Forget the practicalities of racing around Lake Como at the start of February and forget the likelihood of the French moving their annual fête to August. They’re just detail and you really shouldn’t let yourself get bogged down in detail when assessing things like the Rapha Roadmap. I want you to consider the actual thinking in place here. I want you to look at the RideLondon Surrey Classic. This is an event built on the modern model of binding a race to a community by attaching to it a sportive. It’s part of the new funding model employed by race organisers. How well do you think that sportive is going to go when held in February, with ice on the roads and the Freds still carrying their Christmas kilos?
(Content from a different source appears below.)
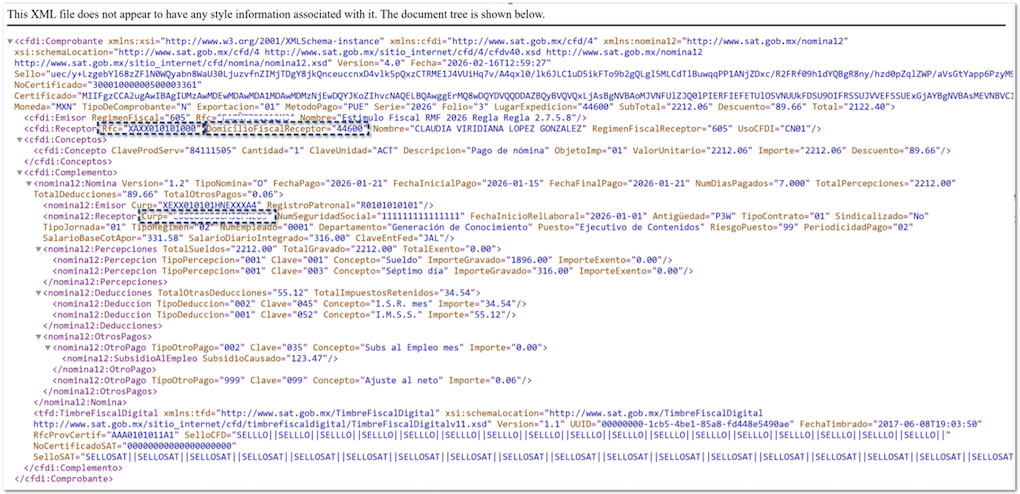 Este comportamiento se encuentra alineado con lo establecido en la Guía de llenado del Complemento de Nómina, la cual indica: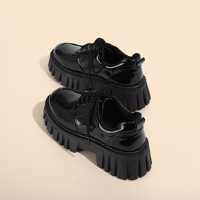 松糕厚底小皮鞋女2022年秋季新款增高英伦风黑色复...

I wouldn’t go so far as to suggest that the Rapha Roadmap authors haven’t considered the damage they’d be doing to RideLondon’s funding model by all but killing the sportive. I’d actually say they’re fully aware of the damage they’d be doing. And simply don’t care.

We have actually seen a version of this manifesto before, back in the days of the Gifted Group’s World Series Cycling project and the attempts to form a breakaway league, with or without the UCI’s backing. And that, a breakaway league, is more or less what the Rapha Roadmap is proposing: a restructuring of cycling so that the sport can be sold to the private equity firm with the deepest pockets, lock, stock and barrel. What the Rapha Roadmap is asking for is that “organising rights for a revised World Tour (One Day and Grand Tour series) be licensed as a whole to a single organiser or a consortium of organisers. In a bid to introduce much needed stability, efficiency and uniformity in the organisation, format and presentation of professional bike racing, the sport could seek to award organising licenses for a whole series of events to a single organiser.”

Essentially, everything is for sale to the highest bidder. Because the business of cycling isn’t cycling. The business of cycling is making money. That that is the way a company like Rapha sees the sport – not as a sport, but as a profit centre – tells you all you really need to know about the Rapha Roadmap. It’s also all you need to know about Rapha.

Like each of its antecedents, from Vaughters and his failed 10-point plan to the Gifted Group’s aborted attempt to take the sport over, the Rapha Roadmap is doomed to be a waste of everyone’s time and energy for a very simple reason: it hasn’t considered what cycling’s stakeholders really want. But that’s what you get when you ask a couple of dozen of your mates for their take on the situation.